*THE TASK*
Everything in the listing must be repeated exactly, apart from the images.

*** Opening DATA SEGMENT ***

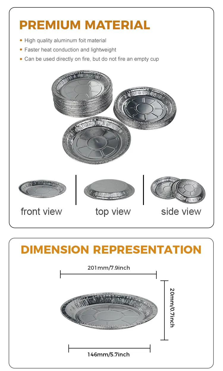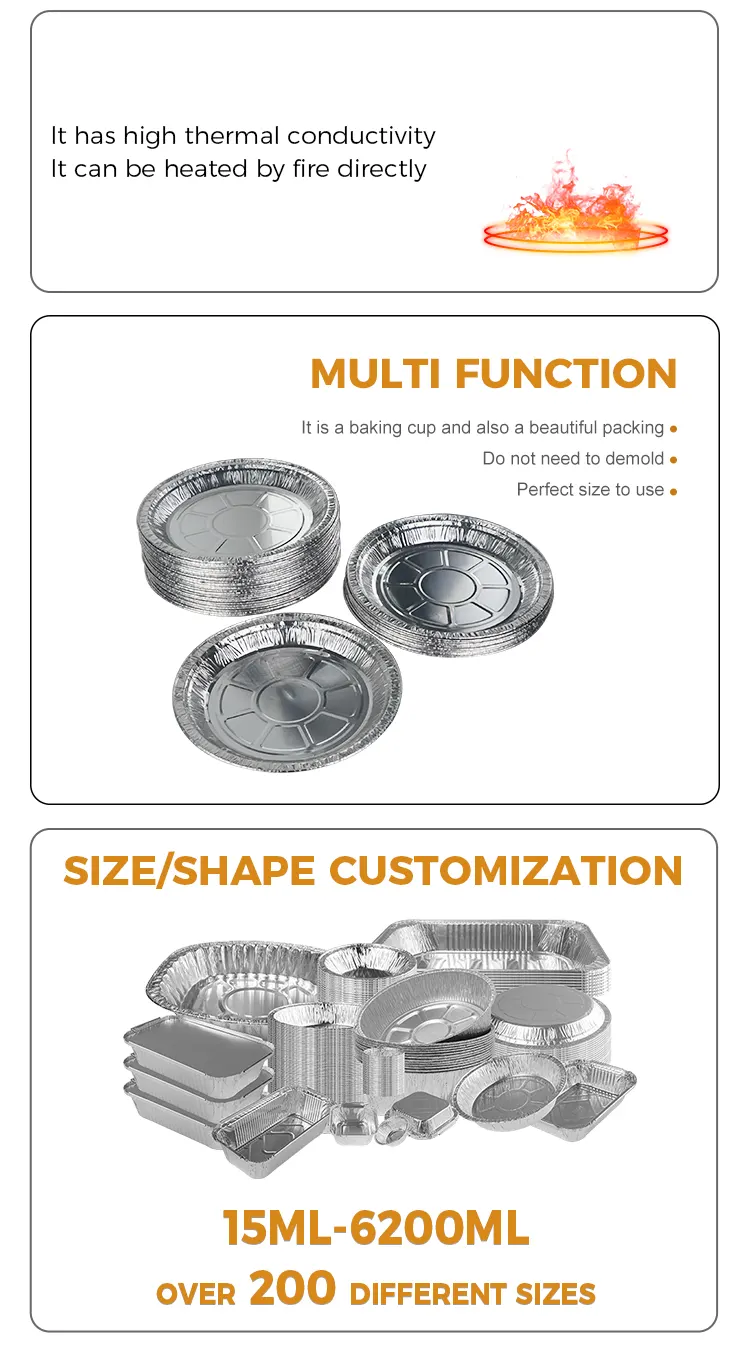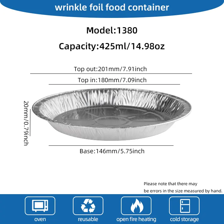 Ang Yunchu Aluminum Foil Disposable Disk Air Fryer Silver Aluminum Foil Container ay parehong hygienic at environment friendly. Ito ay gawa sa makapal at lumalaban sa kaagnasan na mga materyales na hindi madaling ma-deform at maaaring direktang kontakin sa pagkain. Hindi ito natatakot sa mataas na temperatura, hindi nasusunog, hindi nasusunog, at hindi madaling itapon. Maaari itong makatiis sa mataas na temperatura hanggang sa 250°C at angkop para sa iba't ibang paraan ng pagluluto gaya ng high-temperature baking, oven, at barbecue, kaya hindi na kailangang mag-alala. Maraming mga pagtutukoy ang magagamit upang matugunan ang sari-saring mga pangangailangan sa pagbe-bake ng iba't ibang laki, na nagbibigay-daan sa iyong madaling makayanan ang iba't ibang mga kinakailangan sa paggawa ng pagkain.
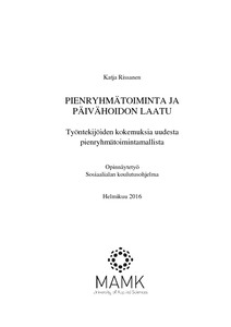 Opinnäytetyön tavoitteena oli tutkia yhden päiväkodin työntekijöiden kokemuksia pienryhmätoimintamallista, joka on otettu käyttöön päiväkodissa syksyllä 2012. Työn tarkoituksena oli selvittää työntekijöiden näkemyksiä uuden toimintamallin vaikutuksista Hujalan-Huttusen (1995) päivähoidon laadunarviointimalliin kuuluvien päivähoidon laatuun välillisesti ohjaavien tekijöiden ja prosessitekijöiden näkökulmasta.
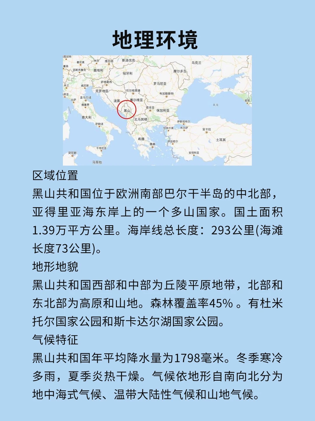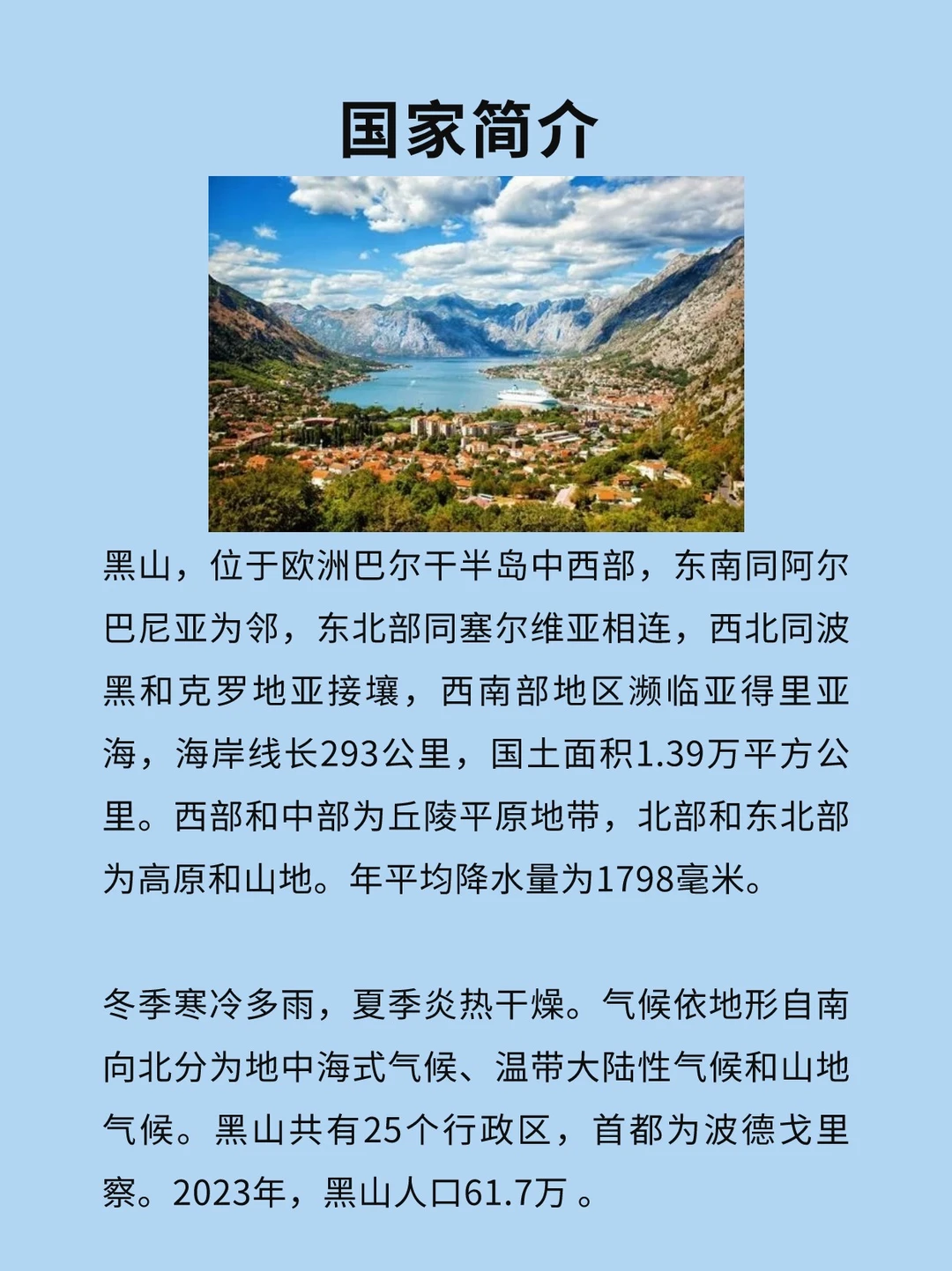 [打卡R]黑山,位于欧洲巴尔干半岛中西部,东南同阿尔巴尼亚为邻,东北部同塞尔维亚相连,西北同波黑和克罗地亚接壤,西南部地区濒临亚得里亚海,海岸线长293公里,国土面积1.39万平方公里。 [气球R]西部和中部为丘陵平原地带,北部和东北部为高原和山地。年平均降水量为1798毫米。冬季寒冷多雨,夏季炎热干燥。气候依地形自南向北分为地中海式气候、温带大陆性气候和山地气候。 [种草R]黑山共有25个行政区,首都为波德戈里察。2023年,黑山人口61.7万。

*** Closing DATA SEGMENT ***

*YOUR SOLUTION*
 Ang Yunchu Aluminum Foil Disposable Disk Air Fryer Silver Aluminum Foil Container ay parehong hygienic at environment friendly. Ito ay gawa sa makapal at lumalaban sa kaagnasan na mga materyales na hindi madaling ma-deform at maaaring direktang kontakin sa pagkain. Hindi ito natatakot sa mataas na temperatura, hindi nasusunog, hindi nasusunog, at hindi madaling itapon. Maaari itong makatiis sa mataas na temperatura hanggang sa 250°C at angkop para sa iba't ibang paraan ng pagluluto gaya ng high-temperature baking, oven, at barbecue, kaya hindi na kailangang mag-alala. Maraming mga pagtutukoy ang magagamit upang matugunan ang sari-saring mga pangangailangan sa pagbe-bake ng iba't ibang laki, na nagbibigay-daan sa iyong madaling makayanan ang iba't ibang mga kinakailangan sa paggawa ng pagkain.
 Opinnäytetyön tavoitteena oli tutkia yhden päiväkodin työntekijöiden kokemuksia pienryhmätoimintamallista, joka on otettu käyttöön päiväkodissa syksyllä 2012. Työn tarkoituksena oli selvittää työntekijöiden näkemyksiä uuden toimintamallin vaikutuksista Hujalan-Huttusen (1995) päivähoidon laadunarviointimalliin kuuluvien päivähoidon laatuun välillisesti ohjaavien tekijöiden ja prosessitekijöiden näkökulmasta.
 [打卡R]黑山,位于欧洲巴尔干半岛中西部,东南同阿尔巴尼亚为邻,东北部同塞尔维亚相连,西北同波黑和克罗地亚接壤,西南部地区濒临亚得里亚海,海岸线长293公里,国土面积1.39万平方公里。 [气球R]西部和中部为丘陵平原地带,北部和东北部为高原和山地。年平均降水量为1798毫米。冬季寒冷多雨,夏季炎热干燥。气候依地形自南向北分为地中海式气候、温带大陆性气候和山地气候。 [种草R]黑山共有25个行政区,首都为波德戈里察。2023年,黑山人口61.7万。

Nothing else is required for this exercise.